Why is Kinesis Data Firehose creating so many small files in S3?
Last updated: 2020-11-10
I'm trying to push data from Amazon Kinesis Data Firehose to Amazon Simple Storage Service (Amazon S3). However, I noticed that Kinesis Data Firehose is creating many small files in my Amazon S3 bucket. Why is this happening?
Kinesis Data Firehose delivers smaller records than specified (in the BufferingHints API) for the following reasons:
- Compression is enabled.
- Kinesis Data Firehose delivery stream has scaled.
Amazon Kinesis data stream is listed as the data source.
Compression is enabled
If compression is enabled on your Kinesis Data Firehose delivery stream, both of the BufferingHints parameters are applied before the compression. Check the SizeInMBs and IntervalInSeconds parameters to confirm.
After each batch of records is buffered, the parameters are applied. When the data records are buffered and compressed, smaller files are created in Amazon S3.
Kinesis Data Firehose delivery stream has scaled
If a limit increase was requested or Kinesis Data Firehose has automatically scaled, then the Data Firehose delivery stream can scale. By default, Kinesis Data Firehose automatically scales delivery streams up to a certain limit. Amazon Kinesis' automatic scaling behavior reduces the likelihood of throttling without requiring a limit increase.
When Kinesis Data Firehose's delivery stream scales, it can cause an effect on the buffering hints of Data Firehose. The overall buffer size (SizeInMBs) of the delivery stream scales proportionally but inversely. For example, if the capacity of Kinesis Data Firehose increases by two times the original buffer size limit, the buffer size is halved. If Kinesis Data Firehose scales up to four times, the buffer size reduces to one quarter of the overall buffer size.
There is also a proportional number of parallel buffering within the Kinesis Data Firehose delivery stream, where data is delivered simultaneously from all these buffers. For example, Kinesis Data Firehose can buffer the data and create a single file based on the buffer size limit. If Kinesis Data Firehose scales to double the buffer limit, then two separate channels will create the files within the same time interval.
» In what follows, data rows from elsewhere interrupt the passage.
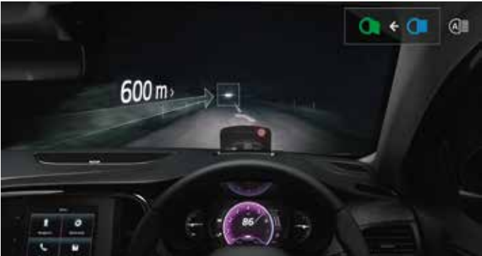
Auto high/low beam: High beam automatically switches to low beam when the front camera detects other vehicles around and automatically switches back to high beam when nothing is detected around.
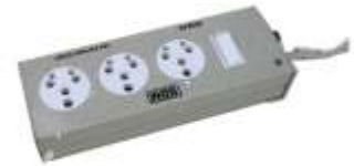
ME-E 04 15 AMP-Power Strip
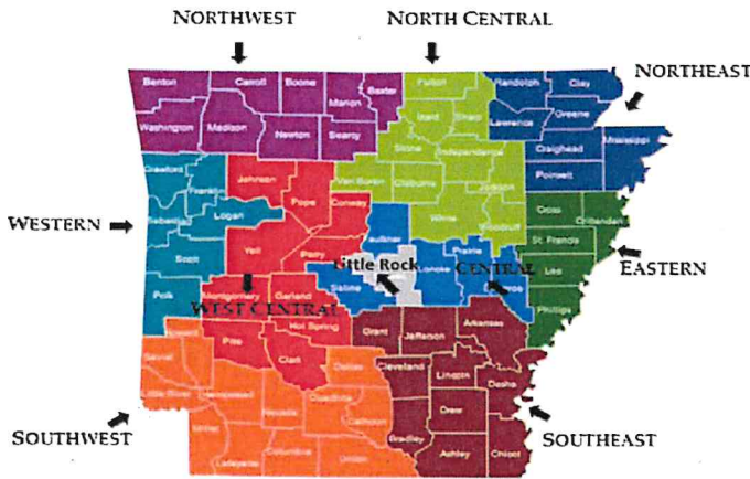
10 Local Workforce Development Areas & Boards
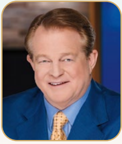
By Gordon Robertson President and CEO, CBN

As we prepare for Easter next month, let's ask the Lord to renew our faith with a fresh appreciation of what He has done for us.
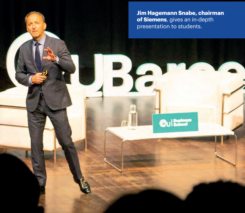
Jim Hagemann Snabe, chairman of Siemens , gives an in-depth presentation to students.
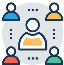
Meeting 1 (9 October 2023)
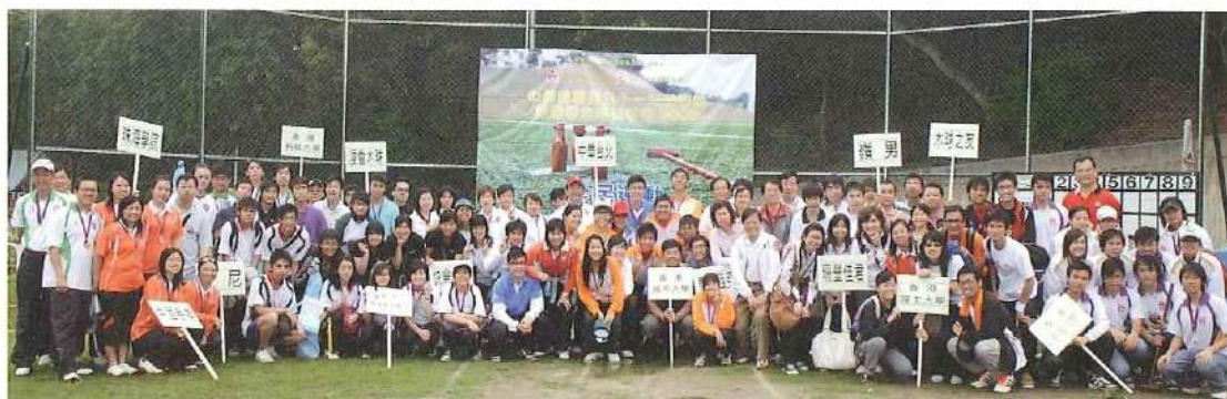
Hong Kong Woodball Open Championship 2008 / International Tour - Hong Kong Stop 2008香港木球公開賽/國際木球巡迴賽-香港站 13 April 2008 : University of Science & Technology, Hong Kong
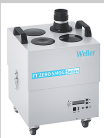
Solder fume extractors
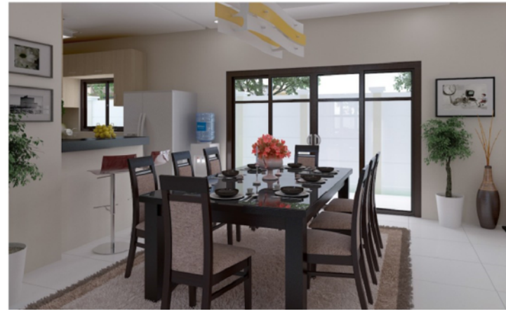
Architect's perspective of Dining
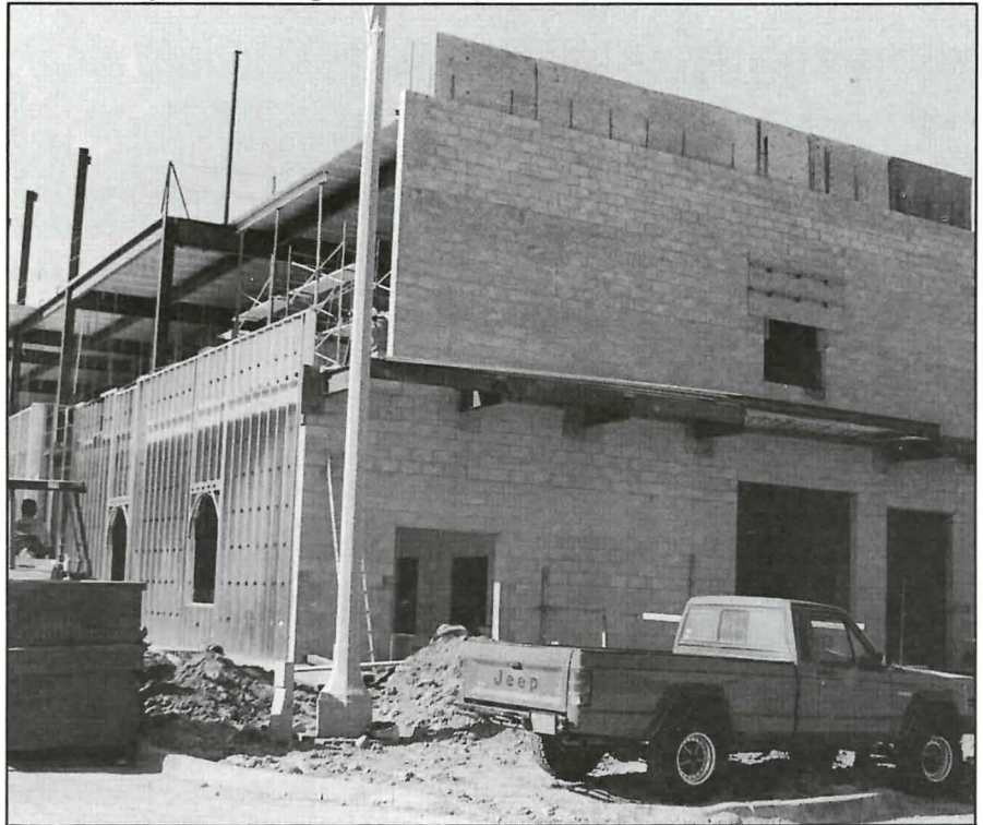
Construction is just over 50 percent complete on the new 45,380 square foot bookstore/academic building located behind Guadalupe Hall.
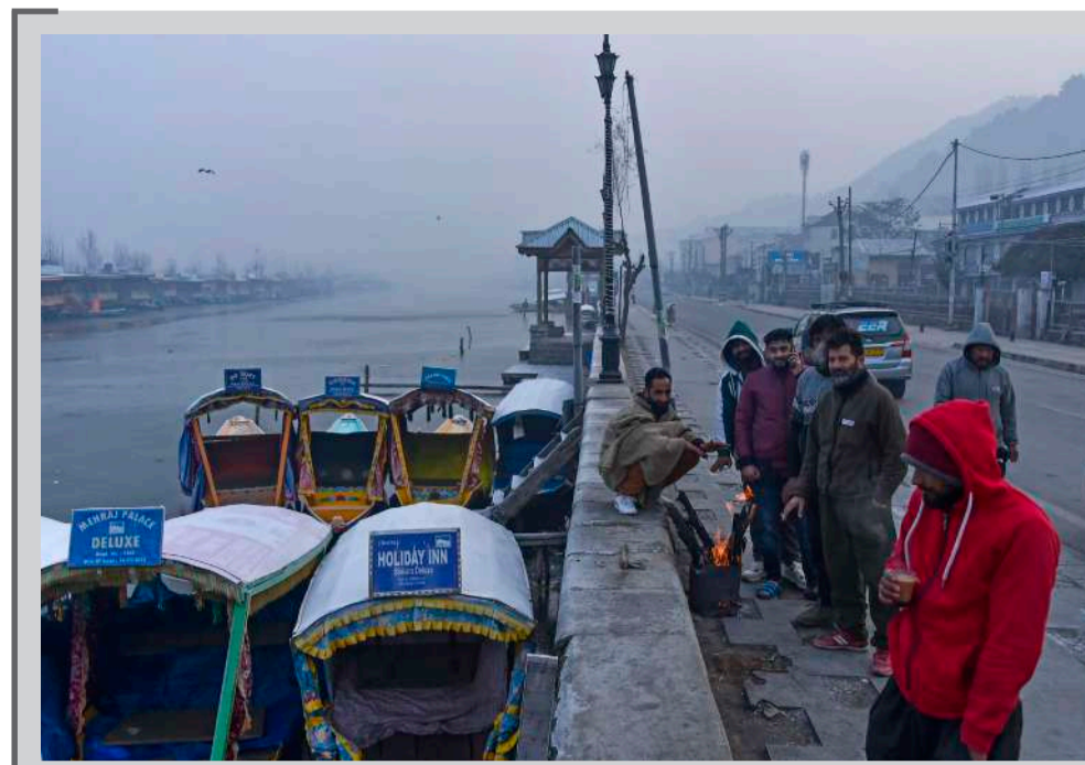
AS SHIKARAS REMAIN ANCHORED, the boatmen warming themselves at the banks of Srinagar's Dal Lake on a cold Wednesday morning.

If Kinesis Data Firehose scales up to four times, there will be four different channels creating four files in S3 during the same time interval.
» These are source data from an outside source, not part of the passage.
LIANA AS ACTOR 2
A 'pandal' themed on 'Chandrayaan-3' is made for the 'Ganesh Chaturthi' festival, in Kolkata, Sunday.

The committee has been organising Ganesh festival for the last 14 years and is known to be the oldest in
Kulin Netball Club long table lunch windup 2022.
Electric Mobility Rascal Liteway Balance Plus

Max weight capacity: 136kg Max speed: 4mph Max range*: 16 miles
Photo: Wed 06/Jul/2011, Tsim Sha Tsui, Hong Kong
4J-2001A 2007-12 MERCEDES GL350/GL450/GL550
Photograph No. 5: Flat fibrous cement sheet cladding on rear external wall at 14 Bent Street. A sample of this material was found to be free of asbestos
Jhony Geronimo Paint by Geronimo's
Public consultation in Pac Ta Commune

Example: Calculating the data stream limit
As another example, consider an Amazon Kinesis data stream that has an initial throughput (t) and creates a file size (s) in interval (x) seconds. The same Kinesis Data Firehose delivery stream (with a throughput of 4t) now creates a file (with a size of s/4) within the same time interval. There are also four parallel buffers delivering the data. As a result, the data delivered by Kinesis Data Firehose continues to remain about the same size:
4 * (s/4) = s
Consider a Kinesis data stream that has an initial throughput (t) of 5 MB/sec. The Kinesis stream creates a file size (s) that is 40 MB in 60 (x) second intervals:
4 * (40MB/4) = 40MB
If the Kinesis data stream is scaled up to 20 MB/sec (four times), then the stream creates four different files of approximately 10 MB each. Therefore, the total data size that's delivered by the Kinesis Data Firehose delivery stream is approximately 40 MB.
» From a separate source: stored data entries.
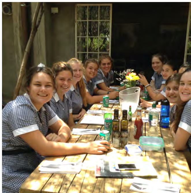
Form V Geography girls enjoying lunch during their urban geography outing
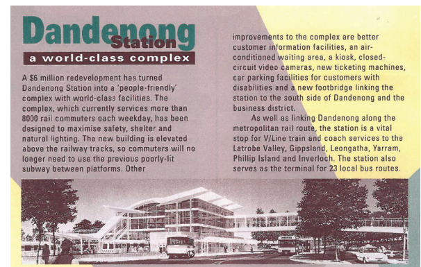
Above: Express Newsletter, Summer 1994, Department of Transport

redevelopment was unlikely in the foreseeable future. Emphasis in the short to medium term in this plan therefore has been placed on advocating for a thorough clean, repainting and washing down of windows and grimy surfaces of the building as well as improvements to maintenance and day to day cleaning. It is expected that these improvements would assist in promoting changed attitudes to the station, when coupled with the completion of other actions in this plan.
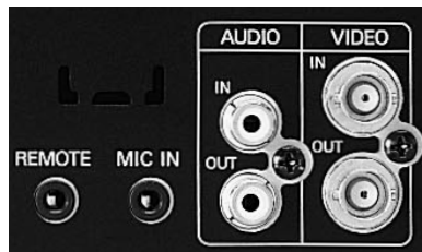
REAR PANEL DETAIL
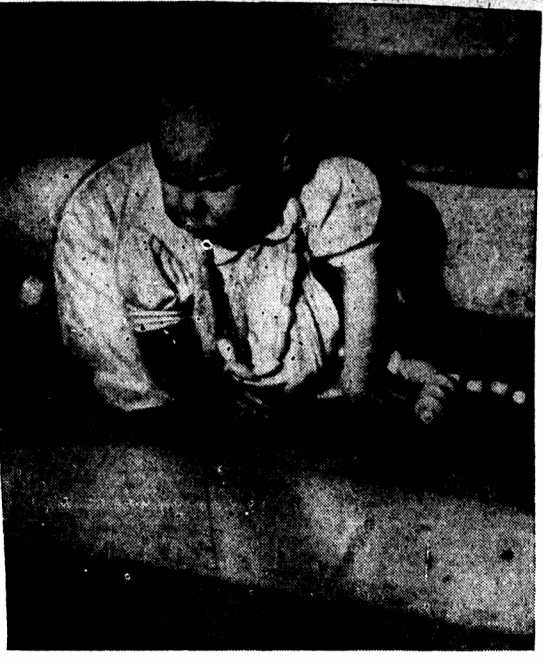
The days of exploration are not over yet, and the view of the mysterious land from the third stair climbed by this baby must be rather puzzling. Having reached the third stair, though, the biggest puzzle of all is how to get down again.

Using a razor blade, carefully scrape from the outside "seams" all protruberances of cement. If there are small missing pieces you will have to fill them in with porcelain cement. Mix this cement with water until a thick paste is obtained. With an orange wood stick apply the paste to the edges of the hole, working slowly and building up and filling the hole. Smooth the surface of the "seams" area and allow to dry for 24 hours. Scrape again, lightly, with "razor blade," smooth down with fine sandpaper and paint with copious shellac. Again dry for 24 hours.
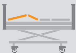
ADJUSTABLE LEG SECTIONS
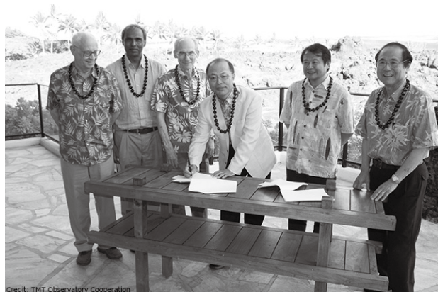
Figure 1: Signing of the Thirty-Meter Telescope (TMT) major agreement in July 2013. In attendance were officials from the National Astronomical Observatory of Japan (NAOJ) and international chief scientists representing five countries and six institutions.

Check to make sure that the Kinesis Data Firehose delivery stream hasn't scaled beyond the default limit. To view the current limit of your Kinesis Data Firehose delivery stream, check the following Amazon CloudWatch metrics:
If the values of these metrics differ from the default quota limits, then it indicates that Kinesis Data Firehose' delivery stream has scaled.
Kinesis Data Stream is listed as the data source
When a Kinesis data stream is listed as a data source of Kinesis Data Firehose, Data Firehose scales internally. By default, Kinesis Data Firehose tries to meet the volume capacity of the Kinesis data stream. This scaling causes a change in the buffering size and can lead to the delivery of smaller sized records.
Note: Buffering hint options are treated as hints. As a result, Kinesis Data Firehose might choose to use different values to optimize the buffering.